The input:
[Start of section]

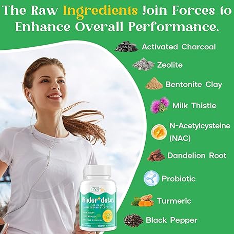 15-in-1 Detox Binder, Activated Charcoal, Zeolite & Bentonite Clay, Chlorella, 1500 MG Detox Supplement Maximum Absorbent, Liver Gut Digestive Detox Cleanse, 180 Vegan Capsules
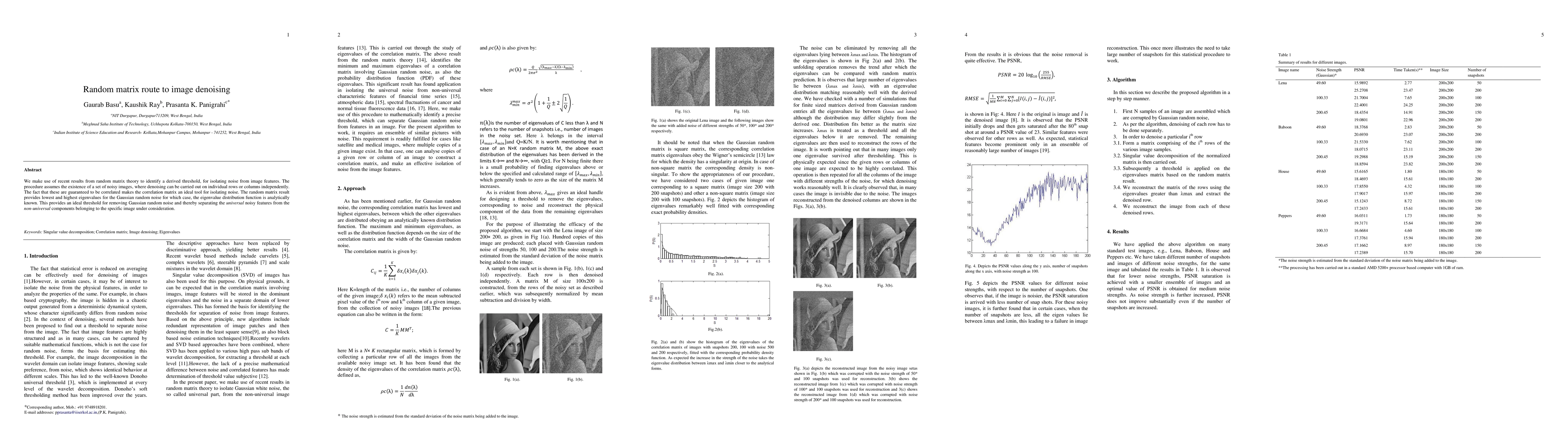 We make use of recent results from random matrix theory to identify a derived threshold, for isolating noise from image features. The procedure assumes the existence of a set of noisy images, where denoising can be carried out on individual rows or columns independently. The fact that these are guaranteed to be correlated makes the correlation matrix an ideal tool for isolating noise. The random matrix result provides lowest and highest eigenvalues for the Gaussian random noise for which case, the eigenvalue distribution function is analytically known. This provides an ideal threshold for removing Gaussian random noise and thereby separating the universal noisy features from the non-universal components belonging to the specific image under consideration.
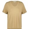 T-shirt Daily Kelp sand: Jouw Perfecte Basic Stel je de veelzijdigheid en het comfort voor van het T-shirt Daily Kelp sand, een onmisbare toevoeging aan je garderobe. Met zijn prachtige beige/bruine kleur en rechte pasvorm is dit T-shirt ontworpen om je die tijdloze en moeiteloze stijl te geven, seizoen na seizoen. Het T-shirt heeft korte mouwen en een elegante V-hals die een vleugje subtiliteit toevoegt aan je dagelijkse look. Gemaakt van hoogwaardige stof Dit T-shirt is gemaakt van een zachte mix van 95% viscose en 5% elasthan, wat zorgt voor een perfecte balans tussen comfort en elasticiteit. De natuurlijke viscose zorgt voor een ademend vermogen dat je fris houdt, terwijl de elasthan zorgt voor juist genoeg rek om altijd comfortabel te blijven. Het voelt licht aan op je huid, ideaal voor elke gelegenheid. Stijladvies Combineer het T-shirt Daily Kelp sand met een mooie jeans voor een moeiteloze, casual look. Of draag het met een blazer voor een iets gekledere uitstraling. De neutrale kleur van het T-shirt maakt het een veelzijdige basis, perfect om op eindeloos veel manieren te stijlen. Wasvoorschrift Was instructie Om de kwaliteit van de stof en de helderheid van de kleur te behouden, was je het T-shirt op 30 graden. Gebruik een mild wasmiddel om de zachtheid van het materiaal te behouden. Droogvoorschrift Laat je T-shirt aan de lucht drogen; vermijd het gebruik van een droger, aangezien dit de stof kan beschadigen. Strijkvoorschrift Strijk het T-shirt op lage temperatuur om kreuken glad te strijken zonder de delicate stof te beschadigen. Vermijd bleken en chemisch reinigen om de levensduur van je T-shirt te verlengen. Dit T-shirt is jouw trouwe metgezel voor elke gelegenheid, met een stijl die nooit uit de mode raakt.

[End of section]
[Start of section]

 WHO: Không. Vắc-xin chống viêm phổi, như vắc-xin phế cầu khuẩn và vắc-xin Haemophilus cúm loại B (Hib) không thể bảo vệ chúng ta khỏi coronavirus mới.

[End of section]

Description of the task: Drop the pictures; return the lines above from the line containing "15-in-1 Detox Binder, Activated" to the line containing "We make use", both included, exactly.

Your response:
 15-in-1 Detox Binder, Activated Charcoal, Zeolite & Bentonite Clay, Chlorella, 1500 MG Detox Supplement Maximum Absorbent, Liver Gut Digestive Detox Cleanse, 180 Vegan Capsules
 We make use of recent results from random matrix theory to identify a derived threshold, for isolating noise from image features. The procedure assumes the existence of a set of noisy images, where denoising can be carried out on individual rows or columns independently. The fact that these are guaranteed to be correlated makes the correlation matrix an ideal tool for isolating noise. The random matrix result provides lowest and highest eigenvalues for the Gaussian random noise for which case, the eigenvalue distribution function is analytically known. This provides an ideal threshold for removing Gaussian random noise and thereby separating the universal noisy features from the non-universal components belonging to the specific image under consideration.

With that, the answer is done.